Mason is a fourth-year junior. He’s caddied for one of the better quarterbacks in college history. He may not have a slew of live snaps under his shoulder pads, but he is no neophyte.
“When they put him in after Murray got hurt, they didn’t miss a beat,” defensive coordinator Ted Roof said. “He’s not like some guy who was playing high school football last year. He’s been around the block.”
Roof has stories to tell. He’s played in this series, anchoring the Black Watch defense in the mid-1980s. There was the one where, in his senior year, the Yellow Jackets stoned the Bulldogs with quite a goal-line stand. “We had 13 on the field,” Roof recalls. “We didn’t want to stop at 12.”
He’s coached in this series as well, in the late 1990s and at the turn of the century. He was on the scene when the Jackets won 51-48 on that second field goal try after the first was blocked.

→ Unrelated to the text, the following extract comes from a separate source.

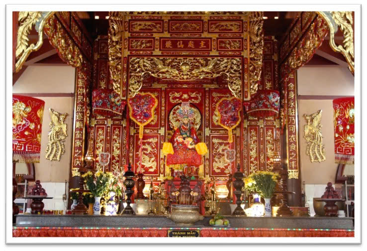 Võ ca và phủ qui không xây vách, tạo không gian rộng rãi, thoáng mát, thuận lợi cho các hoạt động lễ hội và khách quan lễ bái. Uy nghiêm và trang trọng nhất là gian chính điện. Tại vị trí trung tâm, sát vách hậu đặt tượng bà Thánh Mẫu Tiên Nương, quanh tượng trang trí đèn pha lễ mạ đồng, tỏa sáng huyền nhiệm, sắc màu lấp lánh thể hiện uy linh nơi Bà tọa vị. Bệ thờ tôn trí các vật thờ: long đăng, chò quả, bộ lư, chuông, bộ lỗ bộ, cặp qui đội hạc, lộng, bình hoa … Phía trước bàn thờ Bà trang trí bộ bao lam chủ đề song phụng chầu hoa sen, tươi màu sắc nét, làm tăng thêm nét thấm mỹ trong nội thất đại điện.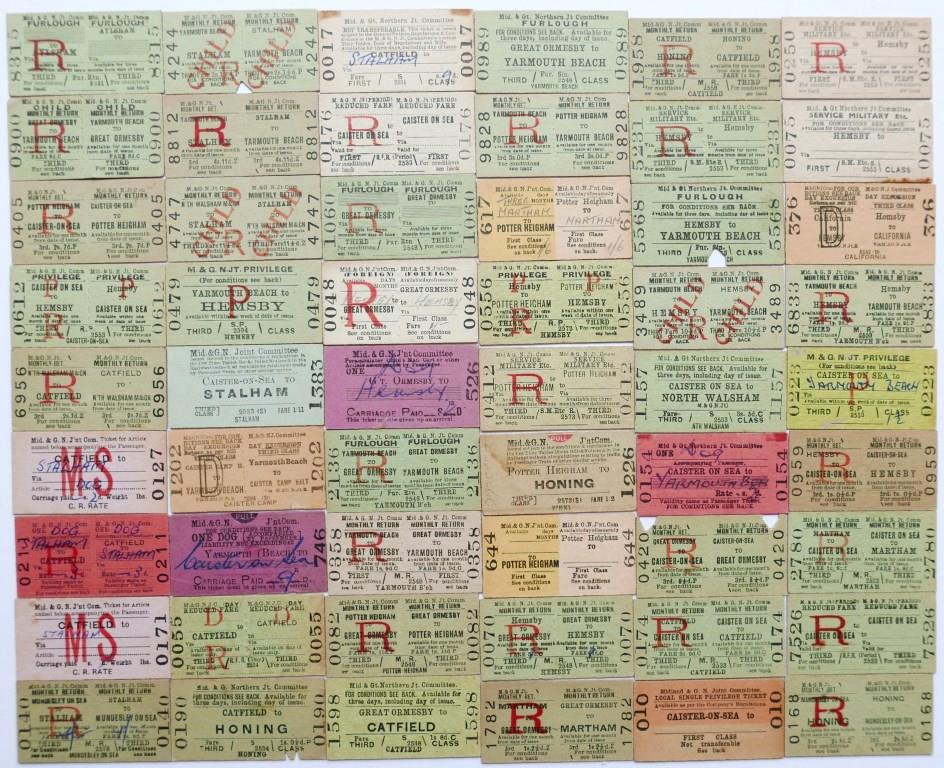758Approx 130 M&GN whole Edmondson tickets. Stations featured include Fleet, Bourne, Norwich City, Whaplode, Moulton, etc. A few issued. £55

“You can tell . . . he played here at Tech,” Nealy said. “He knows the passion between Georgia and Georgia Tech and he shows it. He does that week in and week out. He’d be out there on the [practice] field, and he looks like he’s out there on the field with us. He’s reading and about to come down and make a tackle.”
Even if you weren’t born in Georgia, didn’t grow up here, and don’t have this series in your marrow, it does not take a lot of time to build respect for it if you’re a player.
Sophomore Adam Gotsis is from Australia, after all.
“Everyone has kind of had a rivalry in some game or sport. I’ve definitely played rival teams in basketball and football. It’s definitely not to this level,” the Aussie said. “You’ve got to have the mentality that it’s a dogfight. Nothing really has to be said.
“You’ve got a little bit of a chip on your shoulder. You know they’re coming in here to pretty much hit you in the face and you’ve got to have the same mentality.”